At the end of 2024, Anthropic introduced a brand new "Computer Use" feature for Claude 3.5, giving it the ability to operate computers and browsers like a human. Claude can see the screen, move the cursor, click buttons, and type text. This is the first large model agent tool of its kind to enter public beta testing, allowing developers to have Claude automatically navigate websites and applications.
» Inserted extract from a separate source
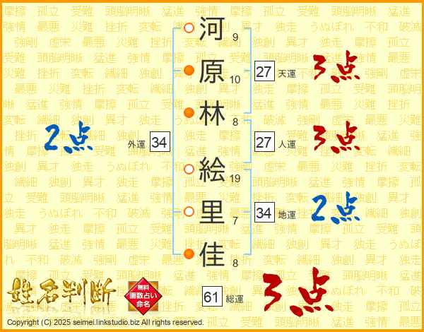 河(9画)原(10画)林(8画) 絵(19画)里(7画)佳(8画)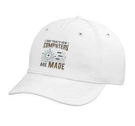 Funny computer themed motif for programmers, developers and gamers. Funny saying for computer nerds. And That´s How Computers Are Made. Classic five-panel structured baseball hat with high-profile crown Adjustable fit; one size fits most adults

Anthropic positions it as an experimental feature, primarily aimed at automating multi-step workflows on the web.

Perplexity – Comet

AI startup Perplexity (known for its Q&A engine) launched the Comet browser in mid-2025 as an AI-driven alternative to Chrome. The core of Comet is a conversational AI search engine built into the address bar (omnibox), capable of providing instant answers and summaries instead of traditional search links.
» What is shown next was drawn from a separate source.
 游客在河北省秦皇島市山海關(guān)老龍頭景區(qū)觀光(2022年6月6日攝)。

  • Additionally, Comet features the Comet Assistant, a sidebar agent that can automatically perform daily tasks across websites. For example, it can summarize your opened emails, schedule meetings, manage browser tabs, or browse and scrape web information on your behalf.

  • By using the sidebar interface to allow the agent to perceive the current webpage content, Comet aims to seamlessly integrate browsing with AI assistance.

Part Three

Real-World Applications of Browser Agents

In the previous sections, we reviewed how major tech companies (OpenAI, Anthropic, Perplexity, etc.) are injecting functionality into browser agents through different product forms. To better understand their value, we can further explore how these capabilities are applied in real-life scenarios in daily life and business workflows.

Everyday Web Automation

#

E-commerce and Personal Shopping

A very practical scenario is delegating shopping and booking tasks to agents. Agents can automatically fill your online shopping cart and place orders based on a fixed list, or search for the lowest prices among multiple retailers and complete the checkout process on your behalf.

For travel, you can instruct the AI to perform tasks like: "Help me book a flight to Tokyo next month (ticket price under $800), and book a hotel with free Wi-Fi." The agent will handle the entire process: searching for flights, comparing options, filling in passenger information, and completing hotel bookings—all through the airline and hotel websites. This level of automation far exceeds existing travel bots: it is not just about recommendations, but direct execution of purchases.

#

Enhancing Office Efficiency

Agents can automate many repetitive business operations that people perform in browsers. For example, organizing emails and extracting to-do items, or checking for free slots across multiple calendars and automatically scheduling meetings. Perplexity's Comet Assistant can already summarize your inbox content or add events to your schedule through the web interface. Agents can also log into SaaS tools to generate regular reports, update spreadsheets, or submit forms after obtaining your authorization. Imagine an HR agent that can automatically log into different job boards to post positions; or a sales agent that can update lead data in a CRM system. These mundane tasks would typically consume a lot of employee time, but AI can complete them by automating web forms and page operations.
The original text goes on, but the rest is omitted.